Now, your address book sorted by middle name isn't really useful anymore. You pretty much have to go through every record in pull out the third character of every middle name. This is basically what can happen if you are selecting against a char or varchar column in your database with a Unicode value in an nchar or nvarchar variable since every value in the table must be converted before it can be compared. Let's look at this in action.

Example

If you have SQL Server 2005, Open up a New Query window Management Studio and paste in the following code:

[code]DECLARE @tmp AS TABLE
(myvarchar  varchar(50) PRIMARY KEY)

DECLARE @myparam AS varchar(50)

INSERT INTO @tmp VALUES ('test')
SET @myparam = 'test'

SELECT *
FROM @tmp
WHERE myvarchar = @myparam
[/code]

Click on the "Query" menu and choose "Include Actual Execution Plan" and click "Execute". Look at your Execution plan. Since the data types between the myvarchar column and the @myparam value matched, you will see a Clustered Index Seek was used and the predicate was
myvarchar = [@myparam]

Now, change @myparam to an nvarchar like so:

[code]DECLARE @myparam AS nvarchar(50)[/code]

Run again and look at the execution plan. First you will see we have changed to a "Clustered Index Scan" and the predicate for our select is:
CONVERT_IMPLICIT(nvarchar(50),[myvarchar],0)=[@myparam]

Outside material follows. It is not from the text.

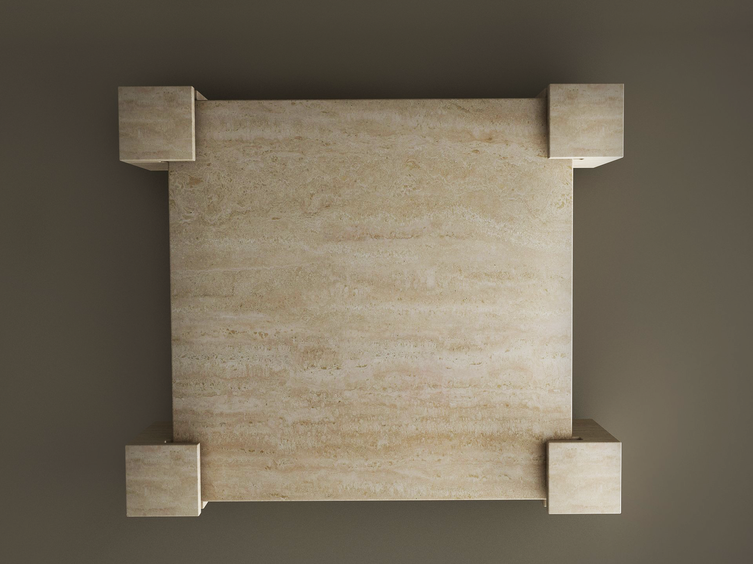 Embrace quiet luxury with this square travertine coffee table, featuring strong square bases that anchor the natural stone top in a seamless, minimalist form. Sized at 43 x 43 x 14 inches (110 x 110 x 36 cm), this piece exudes timeless elegance and grounding calm, making it an heirloom-worthy addition to your modern living space.
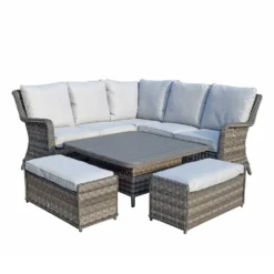 Mia Multi Grey Rattan Corner Sofa Dining Set With Lift Table

SQL Server implicitly converted every value in the myvarchar column to an nvarchar for us. In our quaint little example, the performance difference between both is negligible, but imagine a table with a few million records. The difference between an Index Seek and an Index Scan can go from milliseconds to minutes. As far as the fix goes, I'm not positive on this, but I think you may need to create two data sources-- one that uses Unicode format strings, and another that doesn't and use the appropriate data source based on the table you are hitting. Of course, if your app really uses Unicode strings, your database tables should probably already be nvarchars anyway. Also permissible, is to cast your nvarchar into a new variable of type varchar prior to running the select. Just make sure you aren't going to lose any data though.

SQL Server Gotcha: Implicit Unicode Conversion